Learn to use composites
Make mold and structure.
Composite building consists of a fiber and a matrix(epoxy and resin). We will be using
natural fiber(burlap) and a bio based resin(SuperSap 100). These are more environmentally friendly and safer
than alternatives(like fiberglass or carbon fiber) which may be stronger.
Cut the fabric sheets to precisely fit the molds. In order to create smooth pieces, we want to avoid bunching of fabric
that occurs at joints and corners. Darts are small cuts that allow you to adjust the fabric after placing it.
choosing a technique:
Wet Lay up-Coat the fiber with resin then lay it in to place.
Compression or Vacuum Bagging:
Compression-make two molds that sandwich the coated fiber. The pressure drives the excess resin through.
Vacuum Bagging-use atmospheric pressure to push on the mold and resin.
Making a coupon
A coupon is used to test the strength of a composite. I am going to make a small block that has 3 layers of resin and
I poured then pulled the resin across 3 small pieces of resin. I decided to use a wood mold in the shape of a guitar
as a fun mold. This exercise is to build a small test example that I can use to explan concept. The mold I already had and
was coated with foil and wax so that the resin did not stick to the pores of the wood.

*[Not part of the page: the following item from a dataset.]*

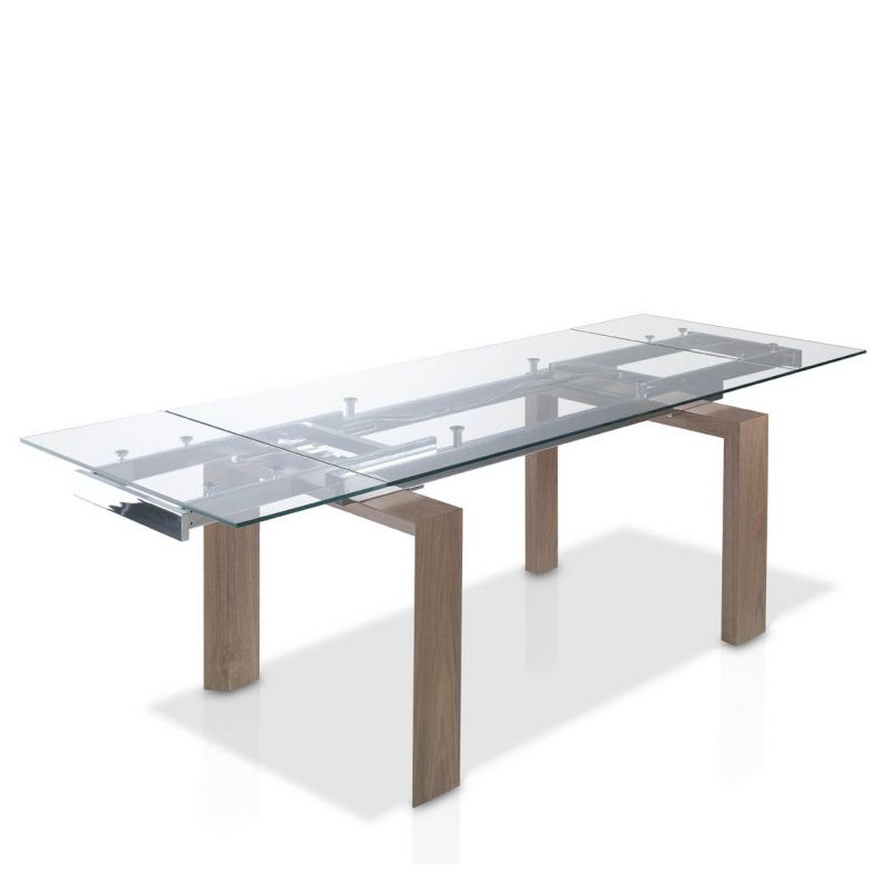 Masa extensibila Walnut este o masa impunatoare unde se intalnesc materiale intr-un design inovator. Masa Walnut cu blat din sticla transparenta si baza din lemn furniruit, este simbolul elegantei moderne.

For this practice run, I wanted to try vacuum bagging since I will be using a compression technique with two molds for my final
1.) Non-traditional "coupon" w/ 3 layers 2.) Same w/ 5 layers
With vacuum bagging you can see the process a lot better. For me, that is better for understanding what is going on.
The burlap is noticable unlike the fiberglass composites that I have worked with before which seems to fade in the resin.

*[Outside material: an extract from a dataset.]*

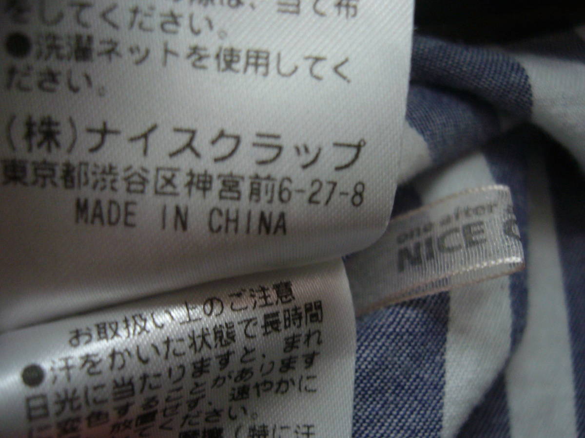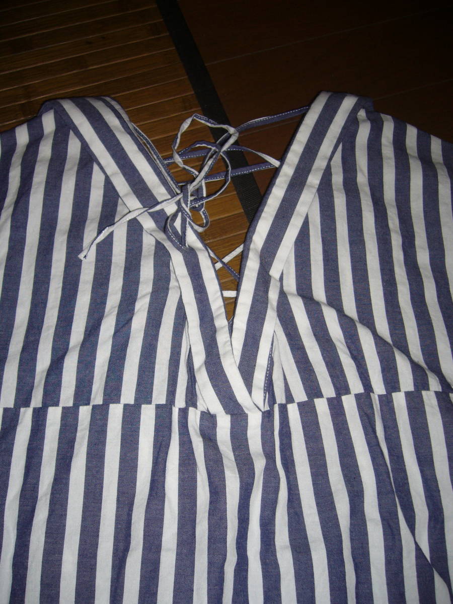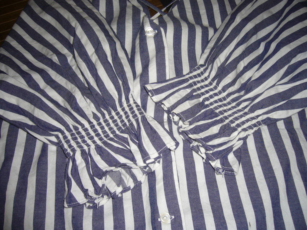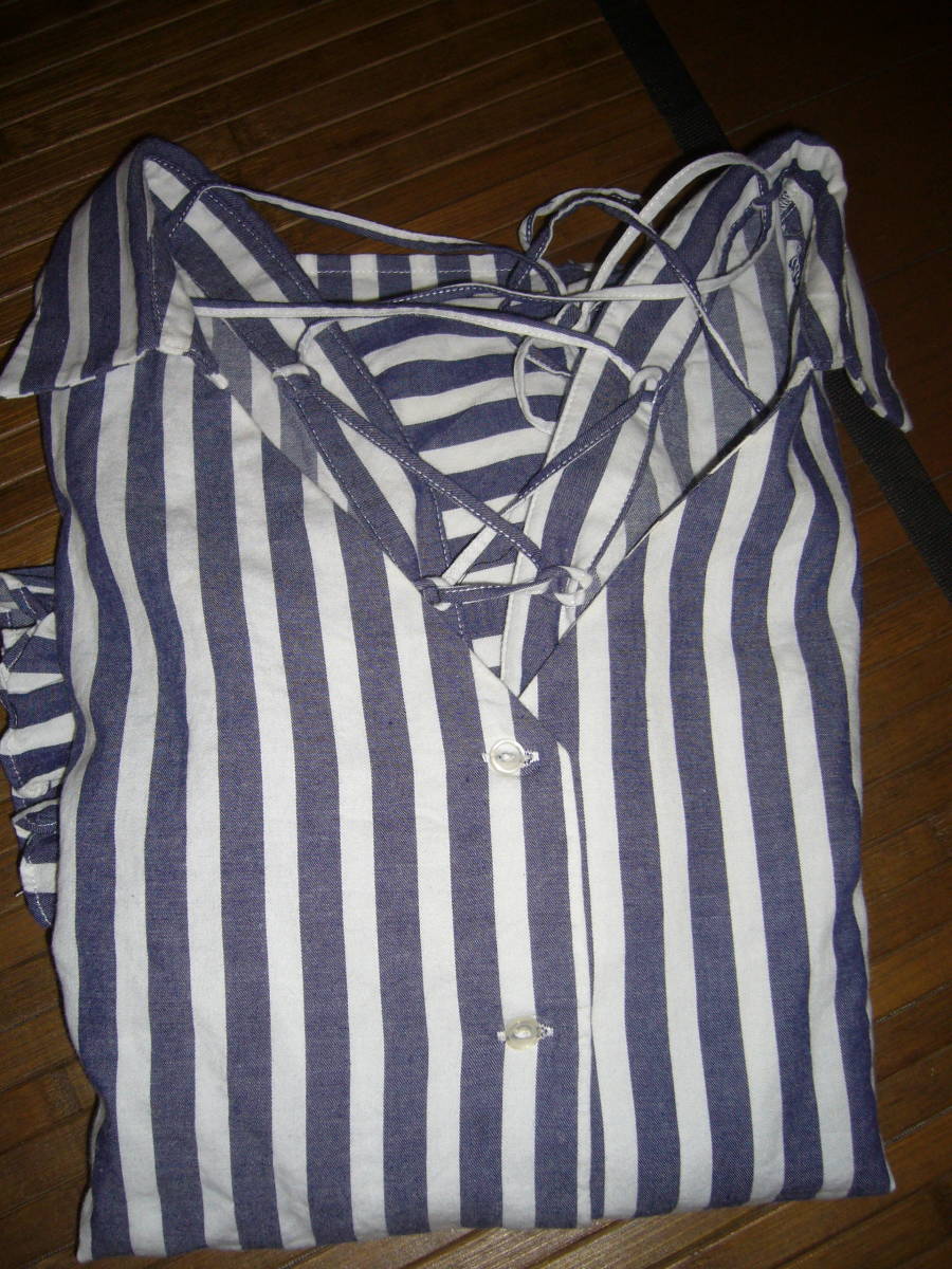 690-44♀:NICECLAUP ナイスクラップ かぶり デザインブラウス size.F 色.白青縦ストライプ

I think the ability to see the burlap will make a great chair because the fiber is so visible.
Building a Mold
The mold is going to be two pieces of pink foamular with our composite sandwiched between the two. A pair of clamps
will be used to force the two molds together. This forces the resin to spread in the fiber. This pressure helps to create
a thiner piece which should be a larger percentage of fiber to resin, leading to a stronger strength to weight ratio.
The material for the mold is pink foamular(from hardware store).
I am going to use the small CNC mill for this.
Designing a mold
I am using Fusion 360 to design a mold. The mold is going to be a stool seat.
SuperSap 100 datasheet
To work with this material, the following safety equipment is needed:
gloves(butyl rubber gloves)
This technique is used to use the atmospheric pressure ot provide an even pressure against a surface, even when that surface
is curved. The materials you need are a breather material, perforated film, release fabric, and a vacuum bag.
The Composite Building Project
After practicing the technique and process, I settled on making a simple stool and bench for the model.
Model the piece
Create molds of the piece
Mill the molds
Prep the molds
Combine the resin and fiber
Place in mold. Arrange.
Compress the composite using clampls and molds
Cut off/ remove rough and uneven spots.
I chose to put a gel-coat on.
Final Surface coating.
Stress Test and build final product.
Here are the designs:
STL Links: STL of Top
STL of Bottom
The two images represent the two pieces of the mold. One looks like the actually desired piece.
The other image is the negative mold. It was constructed by subtracting the first piece from blank stock.
The designs were all done in Autodesk Fusion 360.
Here is the milled molds:
Here is prepping of the burlap layers:
Here is the mold just before being compressed. I like to use aluminum to back the molds. You do not want to clamp
directly to the molds. The pressure tends to deform the molds. The metal(or wood) distributes that
pressure better. The aluminum provides a smooth surface so that one resin runs out of the mold, it is easily cleaned
The piece was de-molded.
I sheared off the rough edges and even sanded away some of the resin.